Slim, I’ve come across land owners that were just too much hassle to deal with. I used to primarily hunt a for farmers, a lot of small pieces of land that total up to a 180k (the number i was told) block with the river going through it. There was one farmer that I dealt with and the other land owners had put him in charge of managing the pigs for the whole area, and he framed some of their land as well. My mentor hunted this for 12-15 years and then gave me the rights to it.

Well there, it’s a kill only place due to all the crops they destroy. One landowner wanted to meet me first time I came out there. He was an ass from the very beginning. We got on pigs right off the rip, 5 minutes in to the hunt. He got pissed that the pigs were on his corn and told us not to come back and he’d call game wardens if we did. He claimed my mentor wasn’t doing a good enough job hunting it. Well that man literally hunts and trains dogs for a living and was running that land 5-6 days a week, 12+ hours at a time. He’s well known for how many pigs he kills...
well the landowner acting like that didn’t sit well with the other land owners who were friends with my mentor and grateful for how hard he was hunting for them.
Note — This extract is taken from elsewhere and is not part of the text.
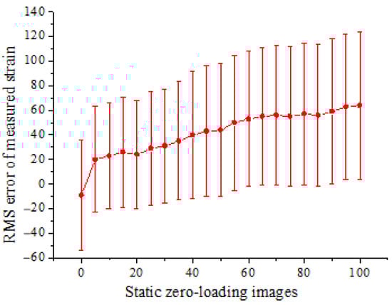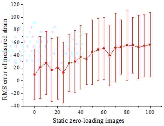 In order to quantify the noise or error, a series of static images are acquired from the undeformed specimen before loading. The RMS error of strain computed from the static zero-loading images is shown in Figure 10. The measured strain is within ±110 με, showing an overall slight increasing trend.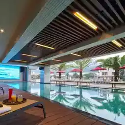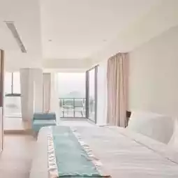 Located in the first row of the Guishan Island sea view, every room offers a 180-degree view of the sea. Guests staying in the sea view rooms can directly overlook Guishan Island and the infinite sea view, providing a lazy and comfortable atmosphere. The spacious and comfortable rooms are decorated with gentle and warm tones, giving you a relaxing vacation vibe. Each room also has a private balcony for resting. The hotel also features a swimming pool, a cinema with surround sound, a café, and a KTV.

Well if you hit pigs in his field they always ran to our other properties surrounding his. It’s near impossible to hunt there and stay on the property. So the other land owners made it known that anyone that came from his land on to theirs would be prosecuted. After that he couldn’t get anybody to come hunt his land, and we hunted everything around him. Didn’t take long for his fields to become the pigs safe haven and they ruined his crops bad. All because of his attitude and reputation.

He was known for constantly screwing over other people including some old widows that lived out there on their family land after their husbands had passed away. Just goes to show that what comes around goes around.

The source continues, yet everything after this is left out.